Interface flood detection disabled
To track data for interface flood detection, private storage is obtained when IDS starts monitoring an interface. If the storage cannot be obtained, IDS is not able to detect an interface flood for the interface. A console message and a syslogd message are issued to report the condition.

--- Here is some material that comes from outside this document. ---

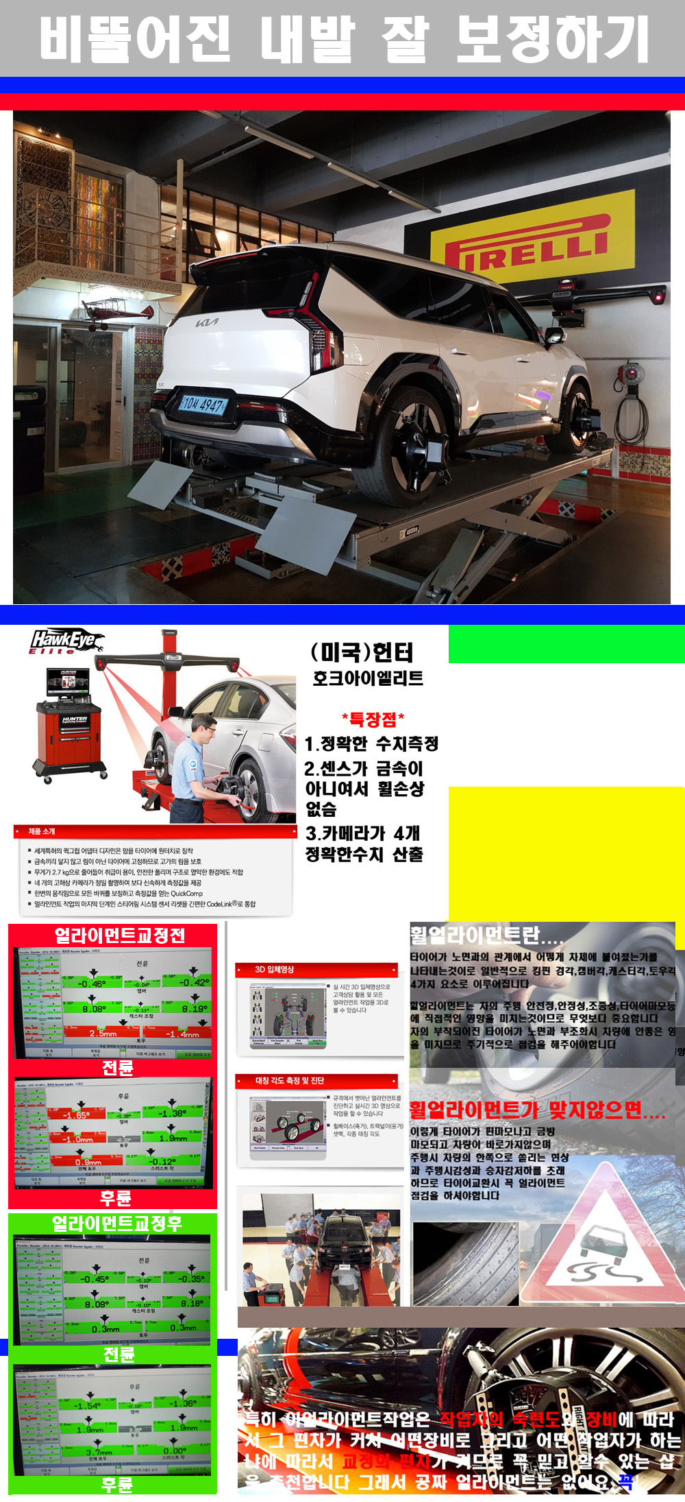 이후 미국 헌터사 호크아이엘리트 장비로 3D얼라이먼트를 진행했습니다 이장비는 현존하는 가장 진화된 얼라이먼트장비입니다 특히 4개의 고성능카메라가 장착되어져 있어 실시간으로 오차가 없는 측정값을 구현하며 바퀴당 각 휠센서 클램프가 프라스틱이며 타이어바닦면을 지지하는 방식이여서 휠의 손상이 없는것이 특징입니다 하지만 장비보다 차량의 얼라이먼트를 볼시 작업자의 정성과 그리고 능력과 숙련도가 관견이기에 꼭 휠얼라이먼트를 장사수단으로 하지않는 샵을 권장합니다 자사는 얼라이먼트정렬시 교정전 교정후를 구분하여 고객님께 직접 이수치값을 확인시켜드리고 작업을 하며 이후 각각의 특성을 가진 타이어들에 대해서 설명 및 관리요령 운전요령 같이 설명해드리고 있습니다 이후 타이어와 휠의 정확한 발란스값과 진동값을 보정후 헌터사 호크아이엘리트 3D얼라이먼트장비로 공장에서 처음 출고될시의 팩토리값으로 교정하였습니다 그리고 타이어질소가스주입기로 3번정도 진공상태로 만든후 질소가스를 주입했습니다 질소가스주입시 가장 관견은 순도이기에 이런 여러번의 진공상태후 주입하고 빼주는 과정를 많이 해주어야합니다 질소가스의 주입시 타이어공기압의 저하가 덜하고 화합물질이 반응을 하지않아 소음전파력과 그리고 타이어안쪽에 수분을 발생하지않으며 타이어안쪽에서의 공기압이 팽창하지않아 타이어에 스트레스를 덜주게 됩니다 하지만 이부분도 공기속에 질소가 80%정도 존재하기에 미미한 차이이지만 질소순도를 높이고 주행시 좋은 점이 확연히 많기에 질소주입을 해드리고 있습니다 특히 고성능타이어나 하중값을 많이 주는 타이어일경우에는 위에서 언급한 부분에서 많이 차이를 보이고 있습니다 이후 타이어왁싱후 출고했습니다+ 감사합니다 |

EZZ8761I IDS EVENT DETECTED
EZZ8730I STACK TCPCS
EZZ8762I EVENT TYPE: INTERFACE FLOOD DETECTION DISABLED
EZZ8763I CORRELATOR 20 - PROBEID 04070015
EZZ8770I INTERFACE OSAQDIO4L
EZZ8765I DESTINATION IP ADDRESS 5.72.107.78 - PORT 0
EZZ8766I IDS RULE AttackFlood-rule
EZZ8767I IDS ACTION AttackLog-action
EZZ8658I TRMD ATTACK Interface Flood Detection Disabled:12/23/2002 20:39:35.00,
ifcname=OSAQDIO4L, dipaddr=5.72.107.78,correlator=20,probeid=04070015,
sensorhostname=MVS34.tcp.com
These messages indicate a storage constraint has prevented the initialization of interface flood detection for the interface specified in the message. Interface flood detection for other interfaces is not affected.
When the problem causing the storage constraint is resolved, the Interface Flood detection support can be activated by removing the IDS ATTACK FLOOD policy and then adding the IDS ATTACK FLOOD policy again, or by stopping and restarting the interface.